Após o encerramento de nosso contato semanal, verificamos que a semente de fato germinou em termos de continuidade ao trabalho iniciado. Os alunos de Inês, Elsa e Márcia e até mesmo de outras professoras que não participaram da oficina realizaram, ao final do ano letivo, uma apresentação musical enfatizando os diversos momentos da história do Brasil. Para cada canção, as próprias professoras criaram pequenas danças e todas as crianças tiveram oportunidade de participar. A convite das professoras, sempre que possível, estive presente aos ensaios e pude observar o quanto a música, numa perspectiva de valorização do lúdico e da experimentação, envolveu e continua a envolver alunos e professoras. As crianças sorriam, cantavam, dançavam ao sabor da música, e o espaço escolar tornou-se mais valorizado com elas dançando nos pátios e trazendo alegria ao ambiente.

No dia da apresentação, fui à EMEB “Antonio Stella Moruzzi e acompanhei toda a programação. A euforia era visível, os alunos mal se continham antes de entrar em cena, os pais esperaram ansiosamente para aplaudir os filhos, e as professoras mostraram muita segurança e autonomia durante a realização de toda a programação. Ao final, era possível ver expressão de alegria no rosto de todos os envolvidos.

A experiência permitiu que constatássemos o quanto o cotidiano daquela escola já foi modificado. O espaço de aprendizagem deixou de se limitar à sala de aula e outros espaços passaram a ser conquistados: a música tomou conta dos corredores, dos pátios, do refeitório, da biblioteca. As professoras, tão temerosas, receosas para opinar, inovar, mostraram ser capazes de criar, improvisar quando necessário, estimular os alunos, adequar os materiais disponíveis para seus objetivos, buscar novas possibilidades de trabalhar com a música.

As crianças, por sua vez, demonstraram ser capazes de apreciar os momentos dedicados aos ensaios, de interagir no grupo, de se expressarem por meio da voz e do corpo com mais desenvoltura, de se organizarem nas atividades.

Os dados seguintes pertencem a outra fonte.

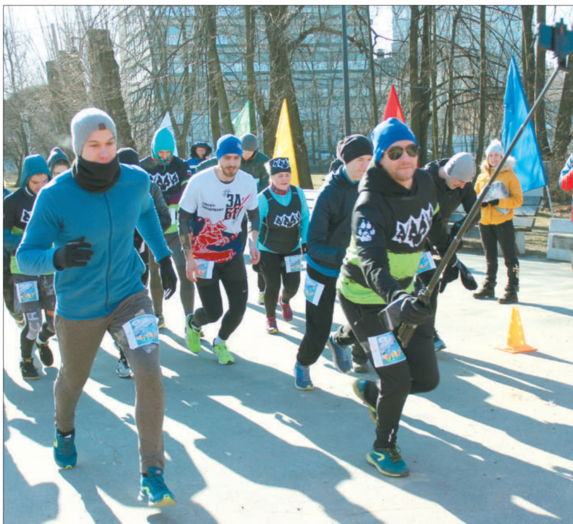
За год проведено более 250 спортивно-массовых мероприятий, в которых приняли участие более 10 тысяч человек.

В Центре физической культуры, спорта и здоровья Невского района ведут работу 10 секций: волейбол, мини-футбол, хоккей с шайбой, фигурное катание, фитнес-аэробика, новус, настольный теннис, бокс, акробатический рок-н-ролл и флорбол.

Há muito ainda para se feito, também há muito ainda para aprender. No entanto as professoras da EMEB “Antonio Stella Moruzzi” mostraram que o investimento

no professor em atuação é importante e traz inúmeros benefícios para o docente, para o aluno, para o cenário educacional. Limites existem, mas não precisam representar empecilhos. Não pudemos, nem foi nossa intenção preencher todas as lacunas, referentes aos conteúdos musicais, das professoras que conosco participaram na oficina. Isso não ocorre em 15 encontros. Porém, como afirma Paulo Freire (2000),

“A eficácia da educação está em seus limites. Se ela tudo pudesse ou se ela pudesse nada não haveria porque falar de seus limites. Falamos deles precisamente porque, não podendo tudo, pode alguma coisa” (Paulo Freire, 2000:30)

Nossa intenção foi, sim, fazer alguma coisa, despertando novas habilidades, provocando reflexões, proporcionando novas leituras, diálogos, trocas de experiências tendo como conteúdo a música. Com essa experiência, passamos a compreender um pouco melhor o dia-a-dia do professor de ensino fundamental da rede pública, que muitas vezes possui mais de um local de trabalho mas que, apesar do cansaço, se dispõe a conhecer e aprender mais, inovar, experimentar, refletir, modificar sua prática pedagógica, transformando assim o espaço escolar. O programa de formação continuada aplicado mostrou ser um importante instrumento para incentivo para o desenvolvimento da prática reflexiva, possibilitando, também, às professoras, uma nova postura frente ao ensino musical.